Вот примеры.
Стихотворение «Пока не требует поэта…». Заслышав «божественный глагол», поэт бежит «На берега пустынных волн, // В широкошумные дубровы…». Перекличка с начальными строчками повести более чем очевидна. Но вдохновенный художник вовсе не противостоит гармоническому миру природы («широкошумным дубровам»), а, напротив, сам стремится к нему. Значит, для Пушкина — в отличие от его героя — нет границы между «высоким» и «низким», между мыслью и природой. Нет этой границы и в стихотворении «…Вновь я посетил…», пейзаж которого полностью повторяет описание финских берегов. Поэт смотрит на озеро:
Опять же — для самого Пушкина волны неведомы, но не пустынны, а жизнь обладает ценностью независимо от того, велика ли она, государственна или, напротив, бедна и даже убога. Его герой поступает вопреки этой истине и тем самым еще более отдаляется от авторского идеала. (Кстати, по-своему чутко отреагировал на все это Борис Пастернак, создавая в 1918 г. «Подражательную вариацию» на тему «Медного Всадника». Вряд ли осознавая теоретически разрыв между помыслами того, кто у Пушкина назван «Он», и реальностью Пастернак, как большой поэт, интуитивно перестраивает пушкинский замысел. Его, Пастернака, герой истинно велик и, стало быть, должен не только проницать мыслью духовные высоты, но и видеть, что делается вокруг него.)
Впрочем, страшна не «внеприродность» сама по себе и даже не очевидный разрыв между замыслом царя и миром, его окружающим; страшна готовность преодолеть этот разрыв, навязав свою волю жизни, «подтянув» природу к социуму: если мне надо, значит, и суждено.
Вот точка отсчета, вот — завязка сюжетного действа, приводящего к разрушению судеб, вот — первый толчок к пробуждению стихии. Ибо стихия для Пушкина есть следствие покорения, и рождается она не сама по себе, а тогда и там, где и когда появляется преграда.
Перегражденная. Если не дать водам реки течь естественным, от века данным им путем, если поставить на этом пути преграды и волевым усилием направить течение в нужное человеку русло — стихийный протест, несущий с собой неисчислимые беды, неизбежен. В этом (и только в этом!) смысле всеразрушительный обвал стихии наводнения вызван к жизни эхом громового раската «покоряющего» замысла державного основателя, который «на зло надменному соседу» собирается возвести город, невольно жертвуя ради своего намерения реальностью.

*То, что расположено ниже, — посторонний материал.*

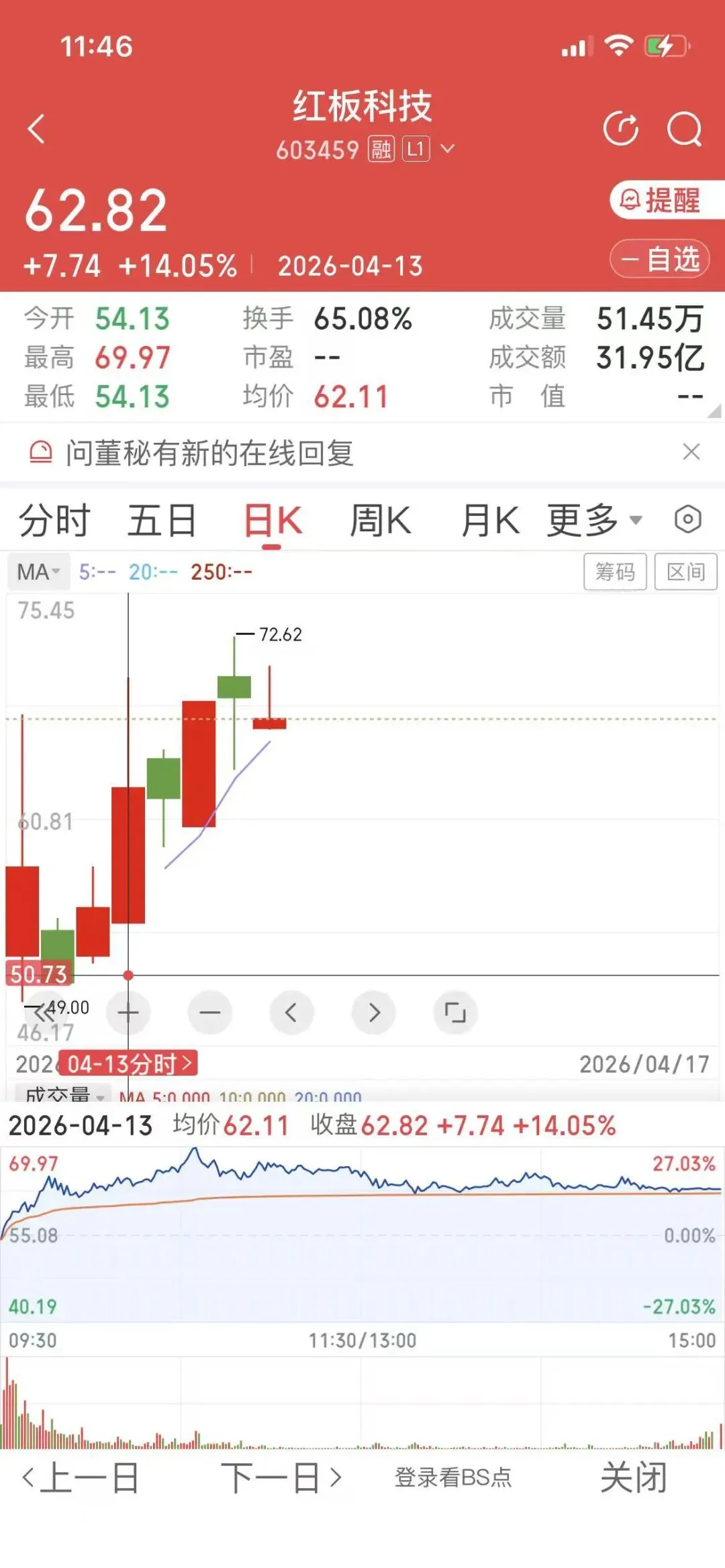 从4.8开盘前的消息看(美伊正式确认进入谈判阶段),所以,4.8指数预期是大涨,红板科技是不设涨跌幅限制的新股,而且也是pcb+cpo,且有同题材的东山精密的大涨引领,资金为了寻求高收益,很有可能做红板科技这种无涨跌幅限制的个股。(模仿无线传媒+长联科技)

И тут необходимо существенное уточнение. Все, о чем говорилось только что — зависимость происходящего в повести от поведанного во Вступлении, — не противоречит сказанному значительно выше о разорванности событий. Просто в повести обнаруживаются как бы два сюжета. Один — «внешний»; в нем, по воле Пушкина, концы с концами не сходятся и сойтись не могут: наводнение не дает. Другой — «внутренний», все со всем соединяющий, способный объяснить, что в помыслах и поведении героев пробуждает спящую стихию, отворяет ей ворота в человеческий мир и делает людей бессильными изменить что-либо. Эти сюжеты как бы проступают один сквозь другой. И если дать окончательную «прописку» Вступлению на территории сюжета, то придется указать сразу два адреса: для «внешнего» действия это — экспозиция, для «внутреннего» — завязка. Достаточно простое и вместе с тем предельно сложное художественное решение. «Внутренний» сюжет показывает, как абстрактный замысел через десятилетия оборачивается крахом человеческих судеб; «внешний» — как не могут встретиться в пространстве повести разлученные стихией герои. Еще раз напомню: державный основатель стоит на берегу пустынных волн. По ним стремится бедный челн, а значит, они вовсе не пустынны. Но для царя это не существенно: ни бедный челн, ни убогий чухонец, владелец челна, не входят в его масштабный замысел, не попадают в поле его кругозора. Когда же разворачивается основное действие повести, эпитет «бедный» по наследству переходит к Евгению. Случайно ли? Видимо, нет. Державный основатель во Вступлении не обращает внимания на бедный челн так же, как «кумир на бронзовом коне» в основном тексте обращен спиной к бедному[58] Евгению.
58
Ср. прилагательное бедный: «…при всей простоте своей, (…) без всяких объяснений показывает бескорыстность, чистоту любви Дафниса и презренную в глазах света бедность… облагораживает, придает ей какую-то прелесть» (Истов И. Разбор идиллии [Гнедича] «Рыбаки» // Благонамеренный. 1822. № 17. С. 147–148).